WHAT THE TASK ASKS ▸
Extract every record, exactly as written, and ignore the pictures.

(SUPPLIED RECORDS Opens)

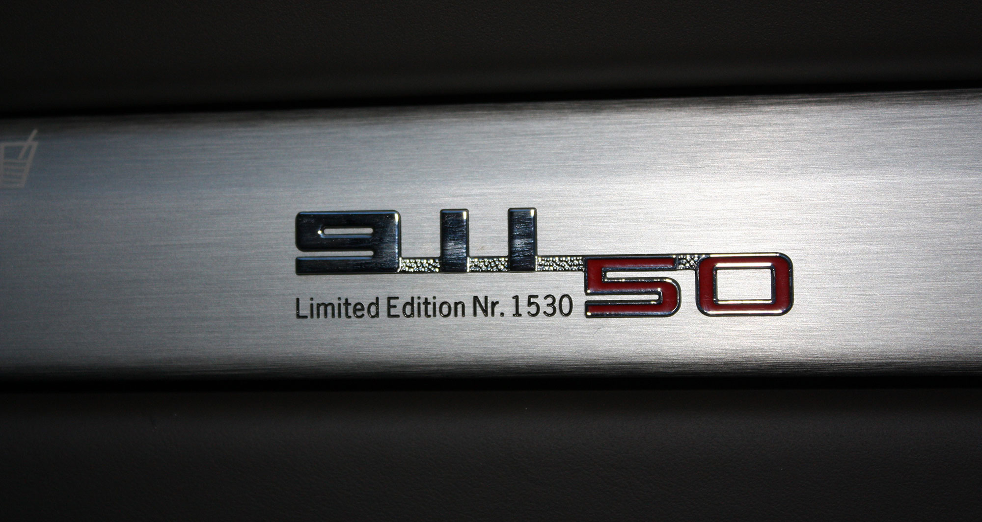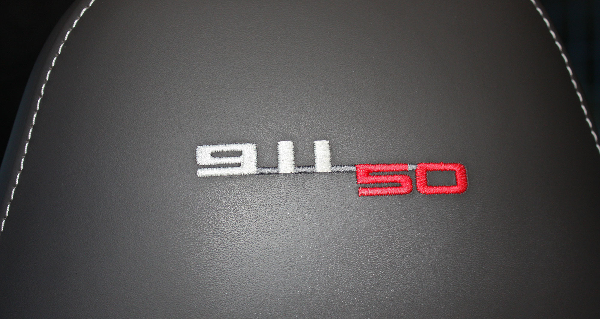 Several design features show the 911 heritage, including a two-tone 3D-effect badge on the rear lid with the numbers '911 50', three colour embroidery on the headrest featuring the same logo and even green labelling on the instruments with white pointer needles and silver caps on the instrument pivot pins, just like 50 years ago.
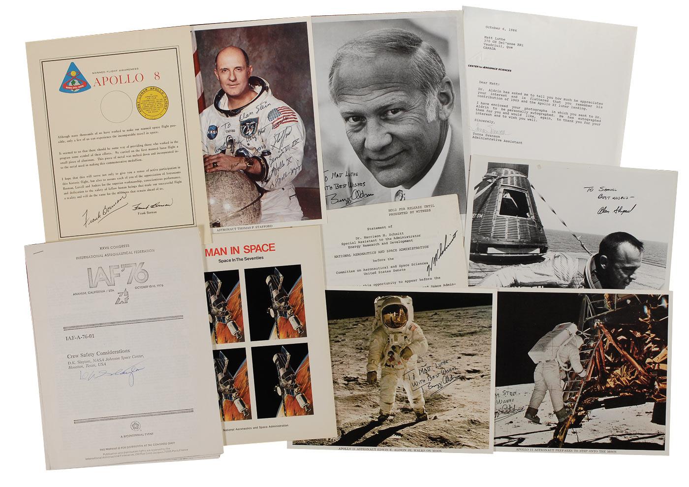 Eleven items: three color NASA photos, two 8 x 10 photos of Aldrin on the moon, signed and inscribed in black felt tip, and one 10 x 8, signed and inscribed in black felt tip by Tom Stafford; two glossy photos, one 8 x 10 of Buzz Aldrin and one 10 x 8 of Alan Shepard, both signed and inscribed in black ink; one Man in Space-Space in the Seventies illustrated booklet, signed on the title page in black ballpoint, “Best Wishes, Rusty Schweickart”; a certificate of authenticity signed in black felt tip by Frank Borman; two sets of documents signed on the front covers, one in blue ballpoint and one in black felt tip, by Deke Slayton; and a NASA statement signed on the front cover in black felt tip by Harrison Schmitt. In overall fine condition, with light corner creasing to all items, and mild surface marks to the facial area of Buzz Aldrin’s glossy photo. Accompanied by a letter of provenance from Buzz Aldrin’s assistant.
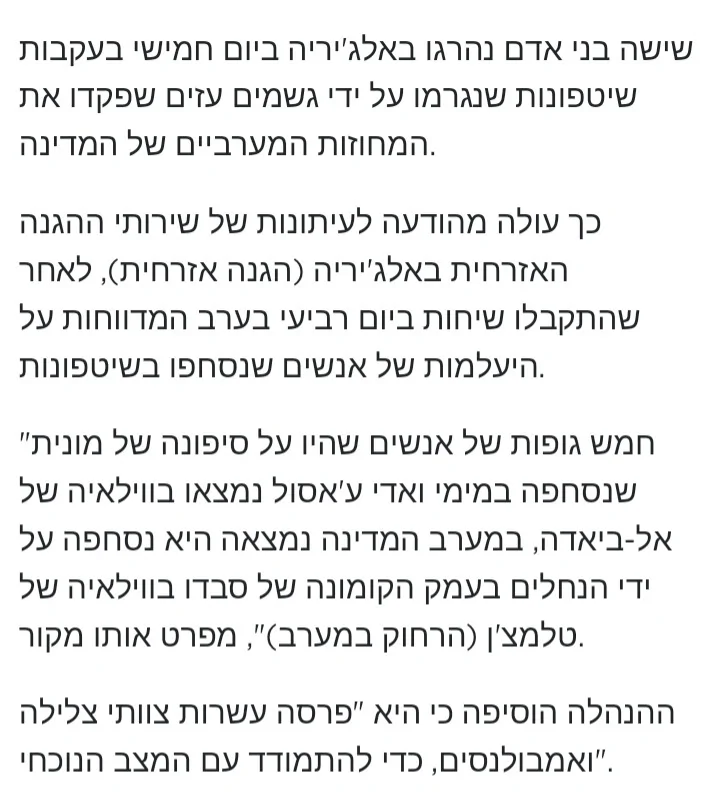 - שטפונות התחילו באלג'יריה בסוף מאי חנוך א
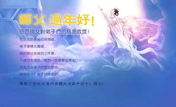 我仅代表我们学法小组的成员向慈悲的师父拜年了!师父过年好!您辛苦了!谢谢您的慈悲救度!谢谢您!我们一定在今后的修炼中走好最后的路,让师父少一份操劳,多一份欣慰。再次跪拜! 天津市蓟县一学法小组大法弟子祝师尊新年好!
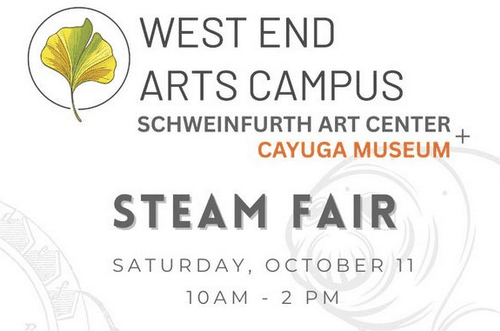 The STEAM Fair will take place from 10 am until to 2 pm and is free and open to the public, with Fall treats available for purchase at the New Hope Mills booth. Information tables will be stationed near the entry ways of the Campus for details, exhibitor maps, and to purchase tickets for a West End Arts Campus raffle basket of items from the Cayuga Museum and Schweinfurth gift shops.
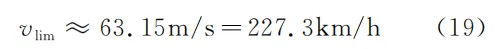 由此所计算出的本文空载轿车在 P有效=100kW 下的极限速率约为 65.86m/s ,相对于上文式( 19 )的准确值 63.15m/s ,误差仅为 +4.3% 。当然,这些结论是在 P有效=100kW 的前提下获得的,倘若 P有效 远小于 100kW ,则 vlim 将显著地小于 63.15m/s ,此时即使轿车达到极限速率匀速行驶,“滚动摩擦力” m轿车gμ′ 也不能被忽略,即式( 22 )不能成立。
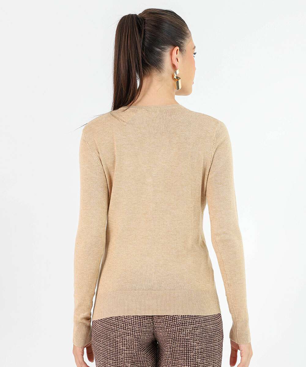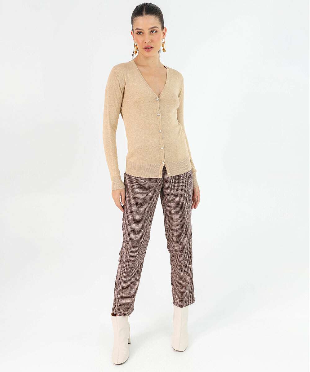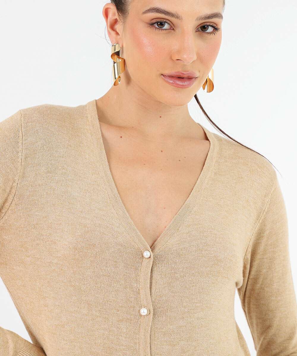 Cardigan Feminino Botões Pérolas Sintéticas Marisa Bege
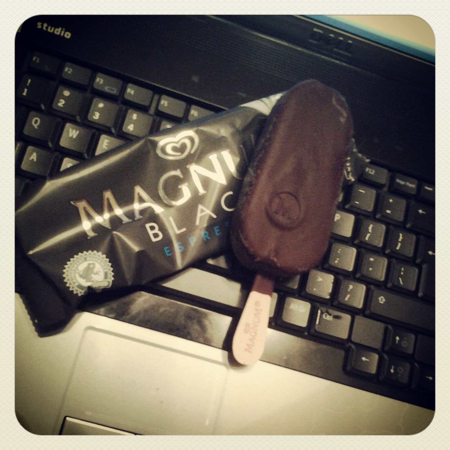 Nie to, co lody! Magnum to jeden z moich ulubionych lodów. Niżej widzicie smak na ten sezon letni Magnum Black Espresso w czarnej czekoladzie. Śmietanka z kawą jest nawet fajnym połączeniem, ale moje serce zdobył parę lat temu Almond oraz Gold i tak też zostało do dziś.
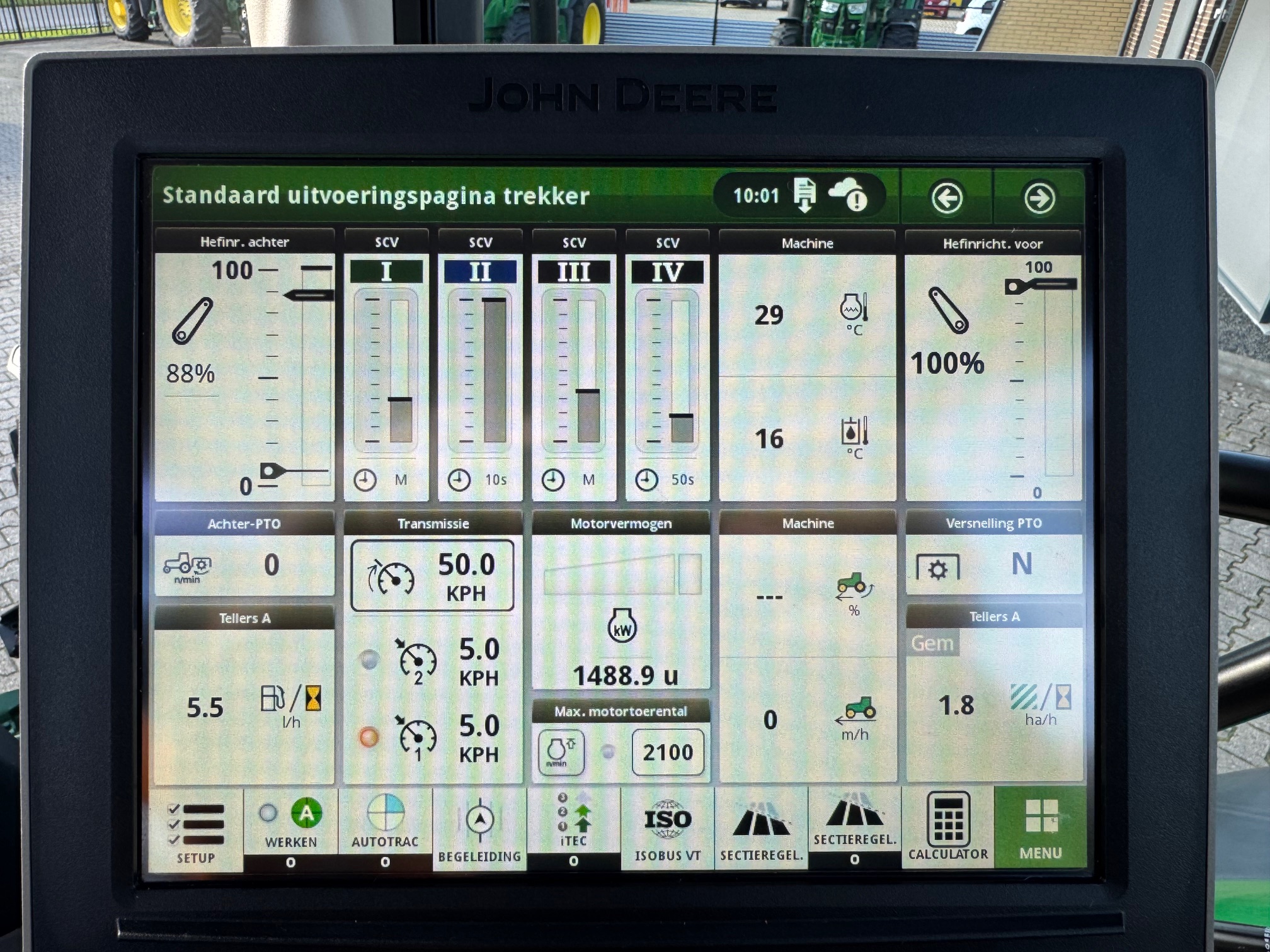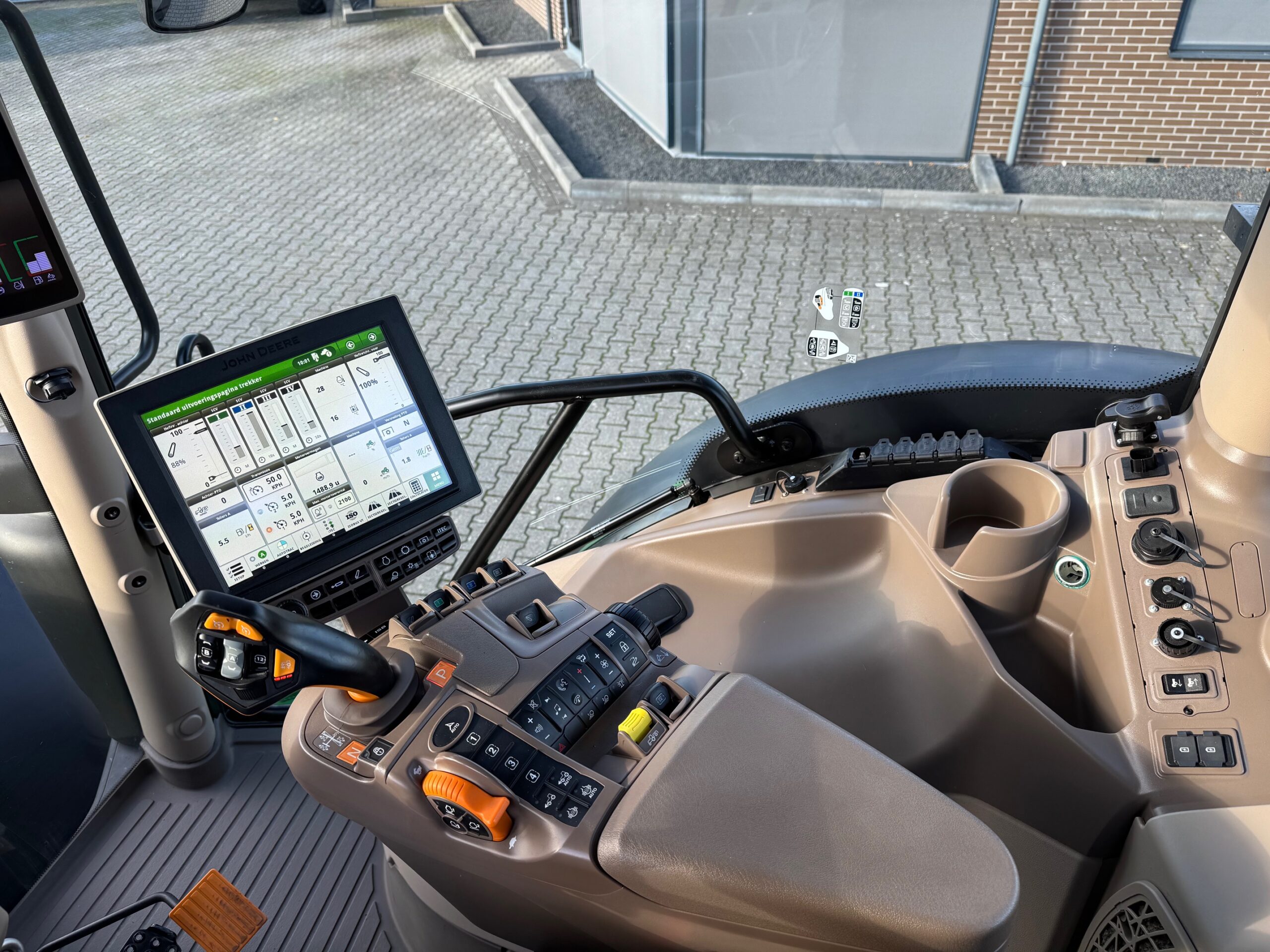 AP 50KM met Command-Pro, TLS, geveerde cabine, 4dw en remventiel, luchtdruk, LS-aansluitingen, AUTOTRAC-READY + activaties, airco, LED, originele JD fronthef met 1dw, frontbediening en 7-polige stekker, Ad-Blue, draaibare voorspatborden, achterruitenwisser, elektrische- en verwarmde spiegels, hef-, pto-en ventiel-bediening op spatbord, stoelverwarming, zonneschermen voor + achter, flessenhouders, grote dieseltank, inklapbare breedteborden, koelvak.
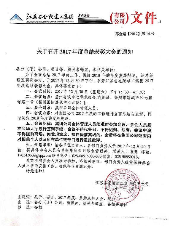 關(guān)于召開2017年度總結(jié)表彰大會相關(guān)會議的通知
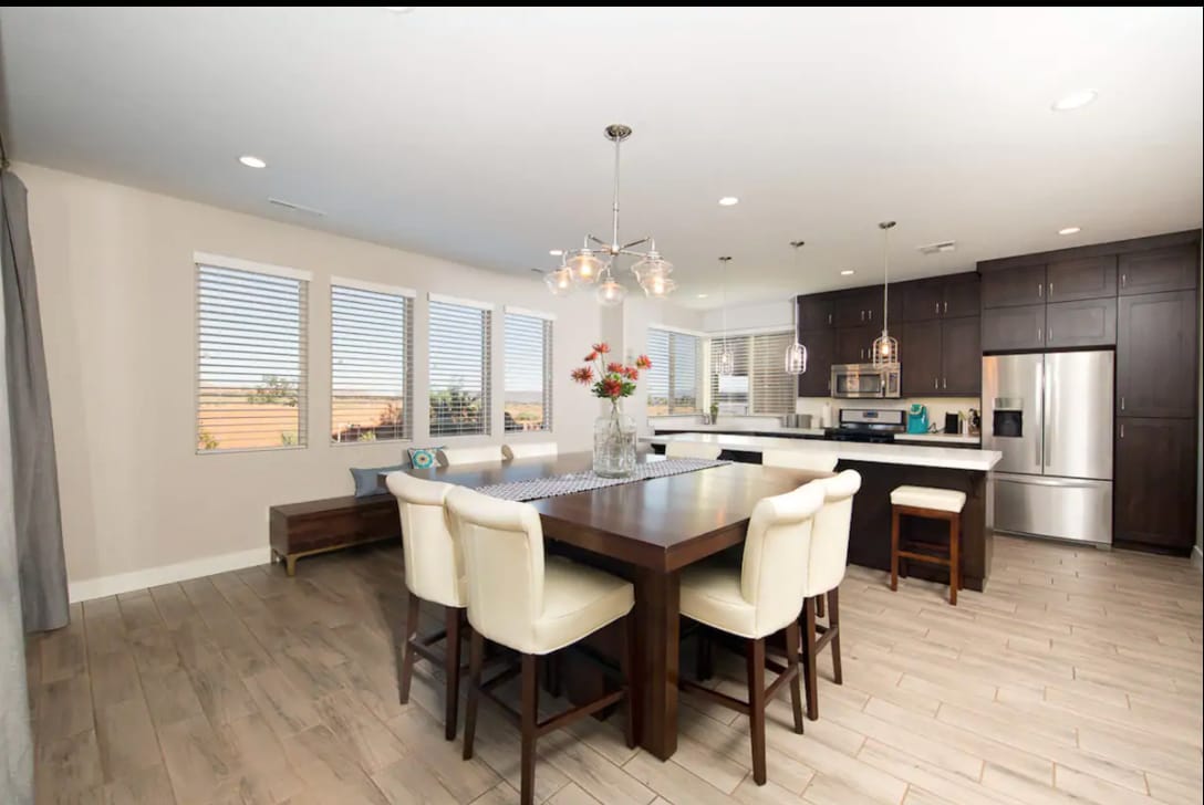 Luxury two-story home with 3 bedrooms & 2.5 baths. Contemporary fully equipped kitchen. Two family rooms, fireplace, 2 car garage with 50 amp electric vehicle charge port. Outdoor patio for grilling, dining under the cafe lights or roasting s'mores over the fire table. Hiking, biking, horseback, ATV trails and the Tuacahn Amphitheater are all minutes away, and Sand Hollow Aquatics Center is just across the street! Pool and pickle ball courts are available to all guests. Come enjoy today!
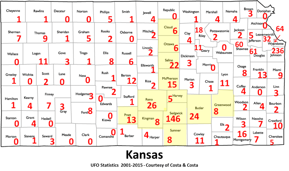 A few more facts about UFO sightings in the state of Kansas from 2001-2015:

(SUPPLIED RECORDS Closes)

SOLUTION BELOW ▸
 Several design features show the 911 heritage, including a two-tone 3D-effect badge on the rear lid with the numbers '911 50', three colour embroidery on the headrest featuring the same logo and even green labelling on the instruments with white pointer needles and silver caps on the instrument pivot pins, just like 50 years ago.
 Eleven items: three color NASA photos, two 8 x 10 photos of Aldrin on the moon, signed and inscribed in black felt tip, and one 10 x 8, signed and inscribed in black felt tip by Tom Stafford; two glossy photos, one 8 x 10 of Buzz Aldrin and one 10 x 8 of Alan Shepard, both signed and inscribed in black ink; one Man in Space-Space in the Seventies illustrated booklet, signed on the title page in black ballpoint, “Best Wishes, Rusty Schweickart”; a certificate of authenticity signed in black felt tip by Frank Borman; two sets of documents signed on the front covers, one in blue ballpoint and one in black felt tip, by Deke Slayton; and a NASA statement signed on the front cover in black felt tip by Harrison Schmitt. In overall fine condition, with light corner creasing to all items, and mild surface marks to the facial area of Buzz Aldrin’s glossy photo. Accompanied by a letter of provenance from Buzz Aldrin’s assistant.
 - שטפונות התחילו באלג'יריה בסוף מאי חנוך א
 我仅代表我们学法小组的成员向慈悲的师父拜年了!师父过年好!您辛苦了!谢谢您的慈悲救度!谢谢您!我们一定在今后的修炼中走好最后的路,让师父少一份操劳,多一份欣慰。再次跪拜! 天津市蓟县一学法小组大法弟子祝师尊新年好!
 The STEAM Fair will take place from 10 am until to 2 pm and is free and open to the public, with Fall treats available for purchase at the New Hope Mills booth. Information tables will be stationed near the entry ways of the Campus for details, exhibitor maps, and to purchase tickets for a West End Arts Campus raffle basket of items from the Cayuga Museum and Schweinfurth gift shops.
 由此所计算出的本文空载轿车在 P有效=100kW 下的极限速率约为 65.86m/s ,相对于上文式( 19 )的准确值 63.15m/s ,误差仅为 +4.3% 。当然,这些结论是在 P有效=100kW 的前提下获得的,倘若 P有效 远小于 100kW ,则 vlim 将显著地小于 63.15m/s ,此时即使轿车达到极限速率匀速行驶,“滚动摩擦力” m轿车gμ′ 也不能被忽略,即式( 22 )不能成立。
 Cardigan Feminino Botões Pérolas Sintéticas Marisa Bege
 Nie to, co lody! Magnum to jeden z moich ulubionych lodów. Niżej widzicie smak na ten sezon letni Magnum Black Espresso w czarnej czekoladzie. Śmietanka z kawą jest nawet fajnym połączeniem, ale moje serce zdobył parę lat temu Almond oraz Gold i tak też zostało do dziś.
 AP 50KM met Command-Pro, TLS, geveerde cabine, 4dw en remventiel, luchtdruk, LS-aansluitingen, AUTOTRAC-READY + activaties, airco, LED, originele JD fronthef met 1dw, frontbediening en 7-polige stekker, Ad-Blue, draaibare voorspatborden, achterruitenwisser, elektrische- en verwarmde spiegels, hef-, pto-en ventiel-bediening op spatbord, stoelverwarming, zonneschermen voor + achter, flessenhouders, grote dieseltank, inklapbare breedteborden, koelvak.
 關(guān)于召開2017年度總結(jié)表彰大會相關(guān)會議的通知
 Luxury two-story home with 3 bedrooms & 2.5 baths. Contemporary fully equipped kitchen. Two family rooms, fireplace, 2 car garage with 50 amp electric vehicle charge port. Outdoor patio for grilling, dining under the cafe lights or roasting s'mores over the fire table. Hiking, biking, horseback, ATV trails and the Tuacahn Amphitheater are all minutes away, and Sand Hollow Aquatics Center is just across the street! Pool and pickle ball courts are available to all guests. Come enjoy today!
 A few more facts about UFO sightings in the state of Kansas from 2001-2015:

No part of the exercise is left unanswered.